● **Problem to solve**
Copy exactly and only the lines running from the one that contains "Ce sujet de" to the final line of the data below, without the pictures.

Items from a dataset
◆ ◆ ◆ ◆ ◆

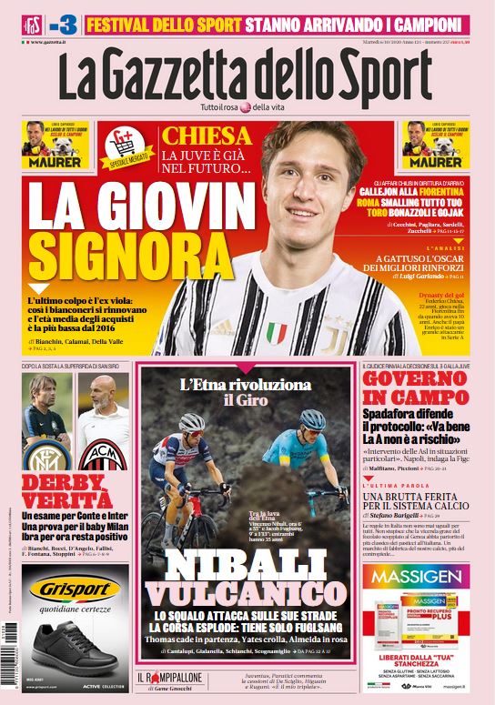 "La giovin Signora", titola La Gazzetta dello Sport in apertura di prima pagina. L'ultimo colpo del mercato chiusosi ieri sera alle 20 è l'ormai ex viola Federico Chiesa: l'età media degli acquisti della Juventus è la più bassa dal 2016. Una Juventus che guarda al futuro. Chiesa lascia la Fiorentina dopo 12 anni in viola: alla Fiorentina al suo posto è andato Josè Maria Callejon. La Roma ha chiuso Smalling sul filo di lana, con l'approvazione arrivata oltre due ore dopo la chiusura delle trattative.
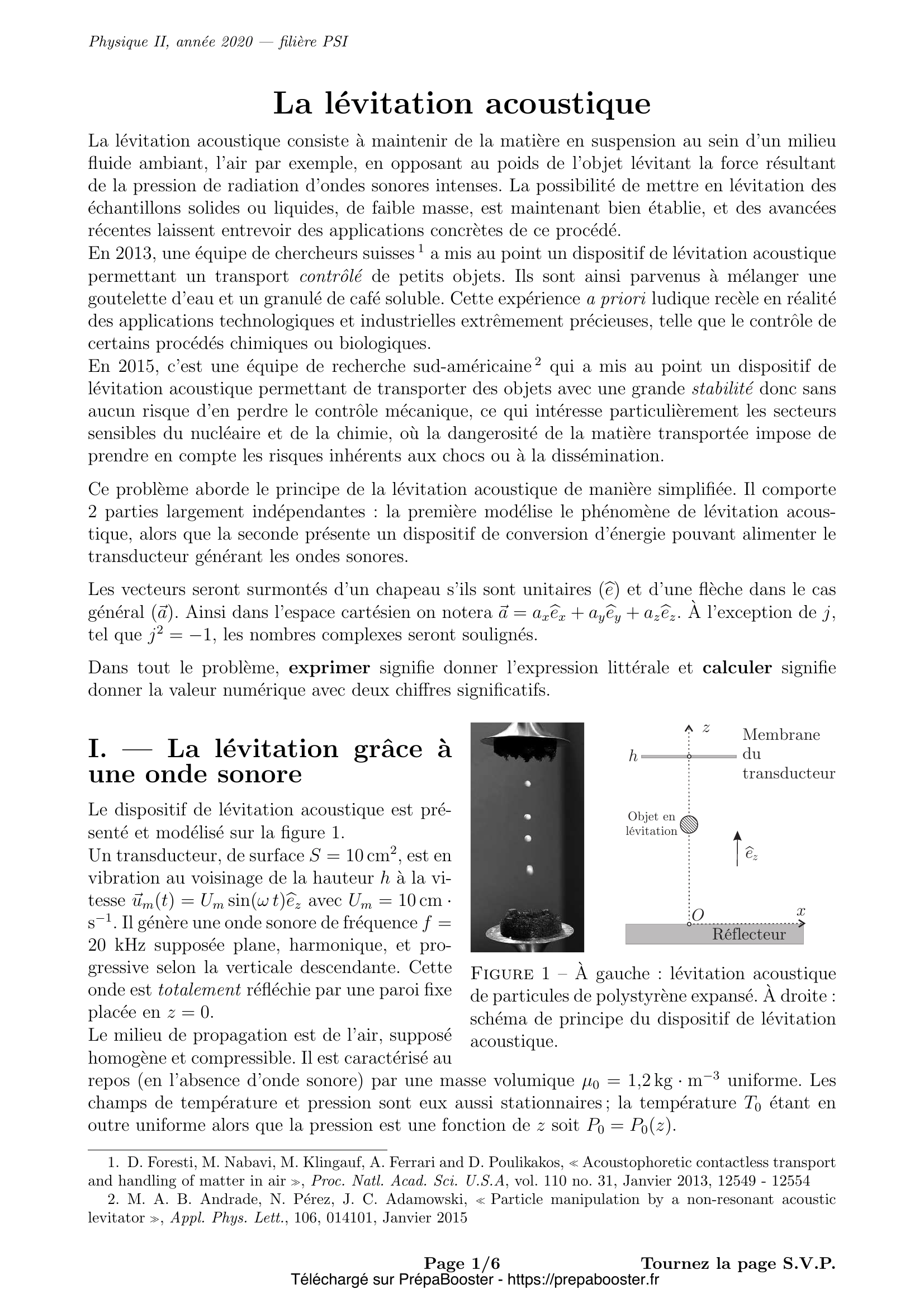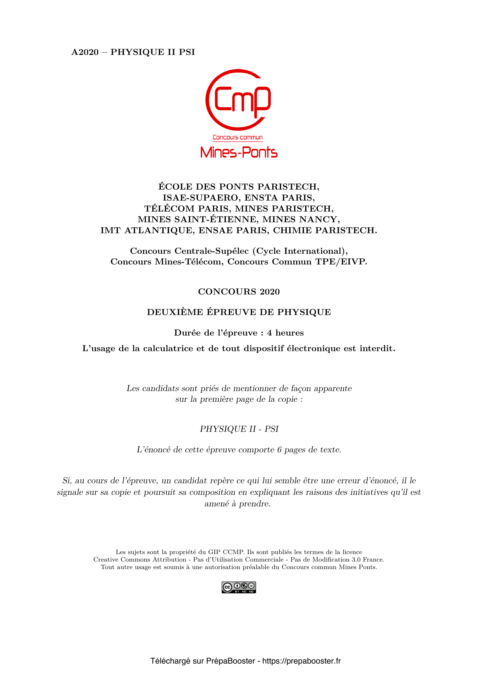 Ce sujet de Physique du concours Mines Ponts PSI 2020 correspond aux épreuves disponibles sur le site officiel du concours Mines Ponts. Retrouve sur Prépa Booster toutes les ressources nécessaires pour ta préparation, y compris les corrigés détaillés.
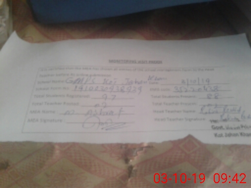 | EMIS Code: 35220438 | Name of School: GMPS KOT JAHAN KHAN | |||
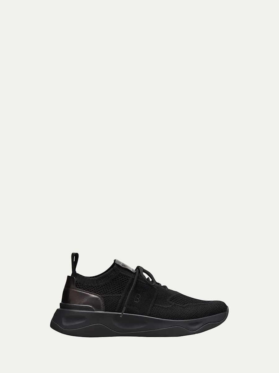 Shadow Leather-Trimmed Stretch-Knit Sneakers Black
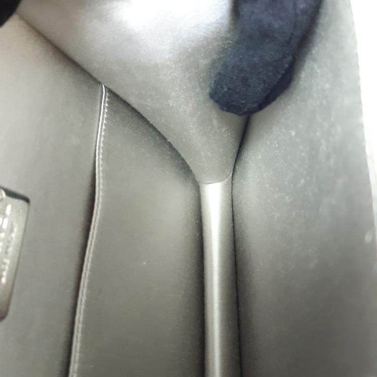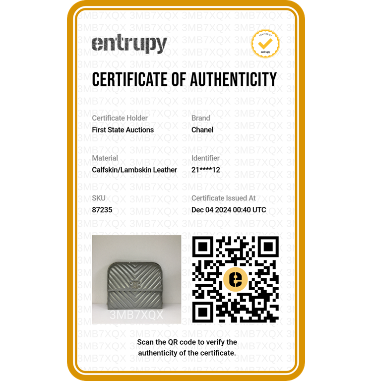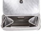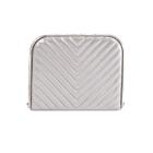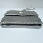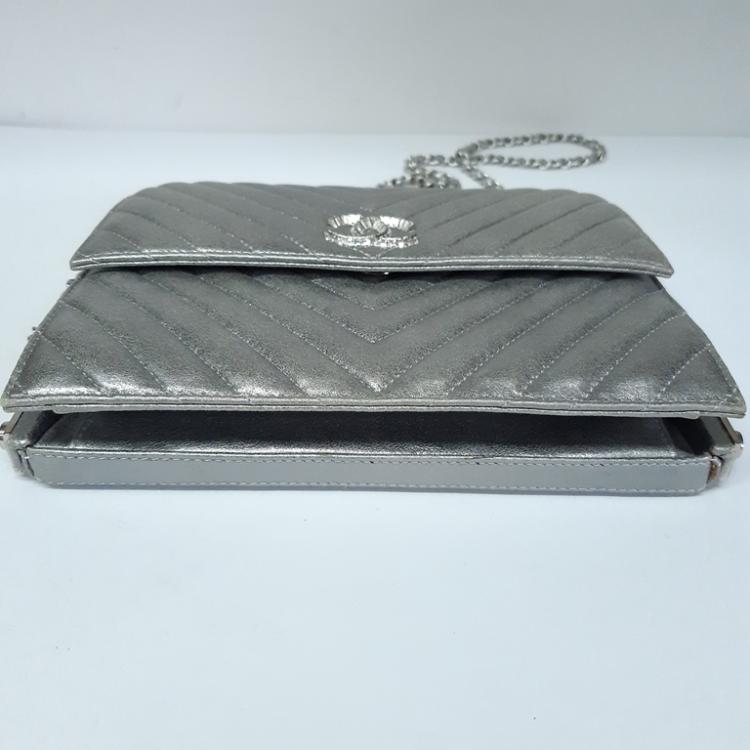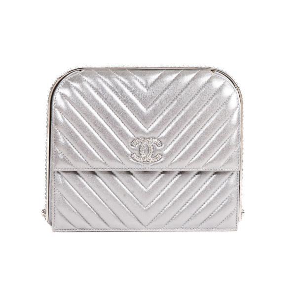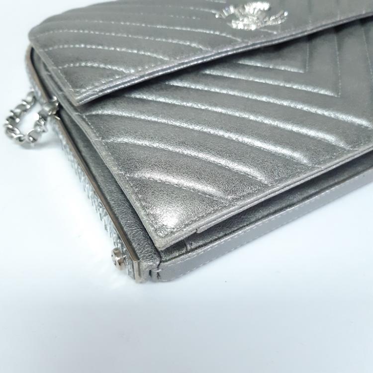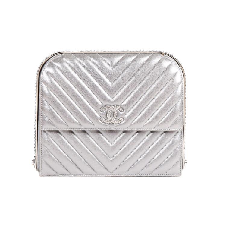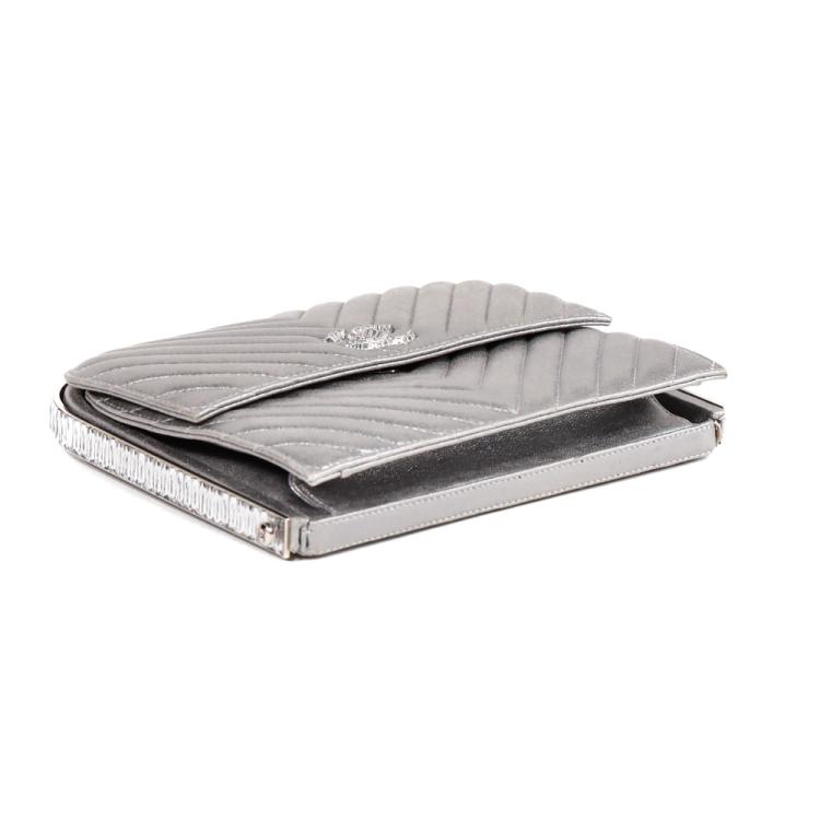 Chanel 15C Paris Dubai clutch on chain from 2015 Cruise Dubai Collection by Karl Lagerfeld (#21xxxxxx). Item was crafted in V-stitch lambskin leather in metallic silver colour, with defined baguette crystals framing, and an ornate CC ornament on front flap. The magnetic button opens to a satin lining interior with a patch pocket. Approx dimensions: 18cm(W) x 16cm(H) x 3cm(D), 53cm chain drop. Accompanied by Chanel dustbag. With Entrupy Certificate of Authenticity. (Pre-owned)
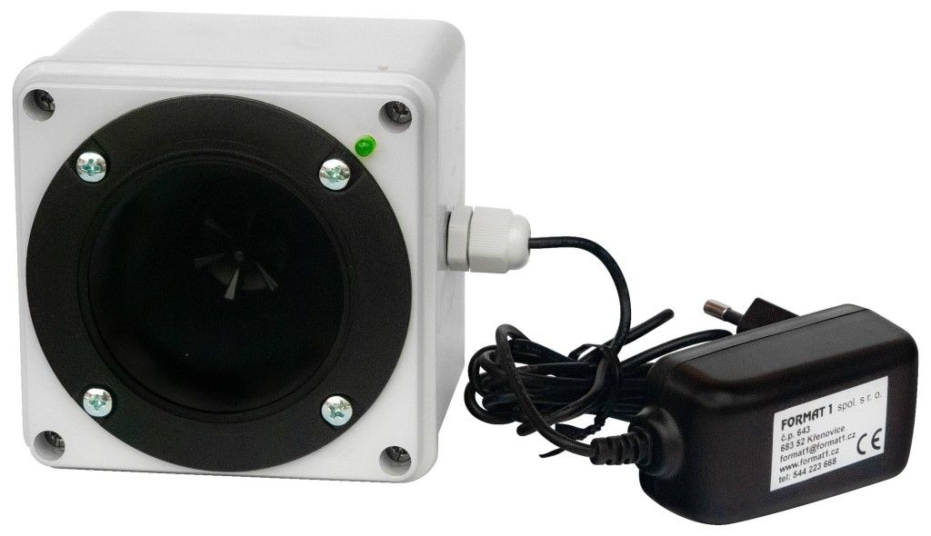 Zvukově-ultrazvukový elektronický odháněč myší, plašič kun, krys, lasiček a potkanů. Jedná se o ryze český produkt s dlouholetou tradicí na trhu (od r. 1991) vyráběný ve firmě FORMAT1 spol. s r. o. Spolehlivý, výkonný, za dobu více jak 29 let ověřený mnoha zákazníky. Neškodný jak pro člověka a domácí hospodářská zvířata.

◆ ◆ ◆ ◆ ◆

● **Task result**
 Ce sujet de Physique du concours Mines Ponts PSI 2020 correspond aux épreuves disponibles sur le site officiel du concours Mines Ponts. Retrouve sur Prépa Booster toutes les ressources nécessaires pour ta préparation, y compris les corrigés détaillés.
 | EMIS Code: 35220438 | Name of School: GMPS KOT JAHAN KHAN | |||
 Shadow Leather-Trimmed Stretch-Knit Sneakers Black
 Chanel 15C Paris Dubai clutch on chain from 2015 Cruise Dubai Collection by Karl Lagerfeld (#21xxxxxx). Item was crafted in V-stitch lambskin leather in metallic silver colour, with defined baguette crystals framing, and an ornate CC ornament on front flap. The magnetic button opens to a satin lining interior with a patch pocket. Approx dimensions: 18cm(W) x 16cm(H) x 3cm(D), 53cm chain drop. Accompanied by Chanel dustbag. With Entrupy Certificate of Authenticity. (Pre-owned)
 Zvukově-ultrazvukový elektronický odháněč myší, plašič kun, krys, lasiček a potkanů. Jedná se o ryze český produkt s dlouholetou tradicí na trhu (od r. 1991) vyráběný ve firmě FORMAT1 spol. s r. o. Spolehlivý, výkonný, za dobu více jak 29 let ověřený mnoha zákazníky. Neškodný jak pro člověka a domácí hospodářská zvířata.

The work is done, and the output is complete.